Policies and measures in economic warfare may include blockade, blacklisting, preclusive purchasing, rewards and the capturing or the control of enemy assets or supply lines.[3] Other policies, such tariff discrimination, sanctions, the suspension of aid, the freezing of capital assets, the prohibition of investment and other capital flows, and expropriation,[4] even if without war, may be referred to as economic warfare. Scorched earth policies have often been applied to deny resources to an enemy.
American Civil War
Attacks on infrastructure
Union forces in the American Civil War had the challenge of occupying and controlling the 11 states of the Confederacy, a vast area larger than Western Europe. The Confederate economy proved surprisingly vulnerable.[5] Union forces were faced with guerrilla warfare supported by a large fraction of the Confederate population that provided food, horses, and hiding places for official and unofficial Confederate units.[6] Before the war, most passenger and freight traffic moved by water through the river system or coastal ports. Travel became much more difficult during the war. The Union Navy took control of much of the seacoast and the main rivers such as the Mississippi River and the Tennessee River, using the Mississippi River Squadron of powerful small gunboats. Land transportation was contested, as Confederate supporters tried to block shipments of munitions, reinforcements and supplies through West Virginia, Kentucky, and Tennessee to Union forces to the south. Bridges were burned, railroad tracks torn up, and telegraph lines were cut. Both sides did the same and effectively ruined the infrastructure of the Confederacy.[7][8]

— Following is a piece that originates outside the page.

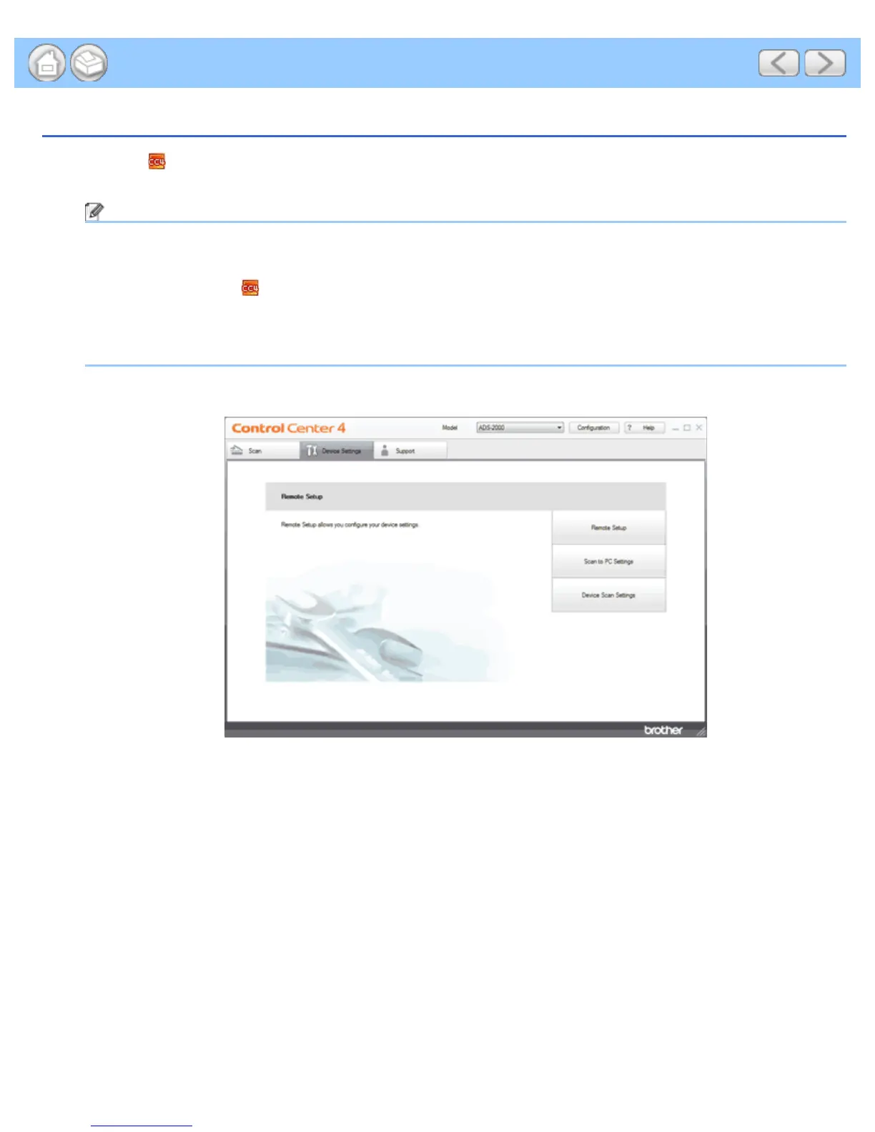• Click ControlCenter4 located in Start/All Programs/Brother/ADS-XXXX (where XXXX is your model

The Confederacy in 1861 had 297 towns and cities with a total population of 835,000 people, 162 of which were at one point occupied by Union forces with a total population of 681,000 people. In practically every case, infrastructure was damaged, and trade and economic activity was disrupted for a while. Eleven cities were severely damaged by war action, including Atlanta, Charleston, Columbia, and Richmond. The rate of damage in smaller towns was much lower, with severe damage to 45 out of a total of 830.[9]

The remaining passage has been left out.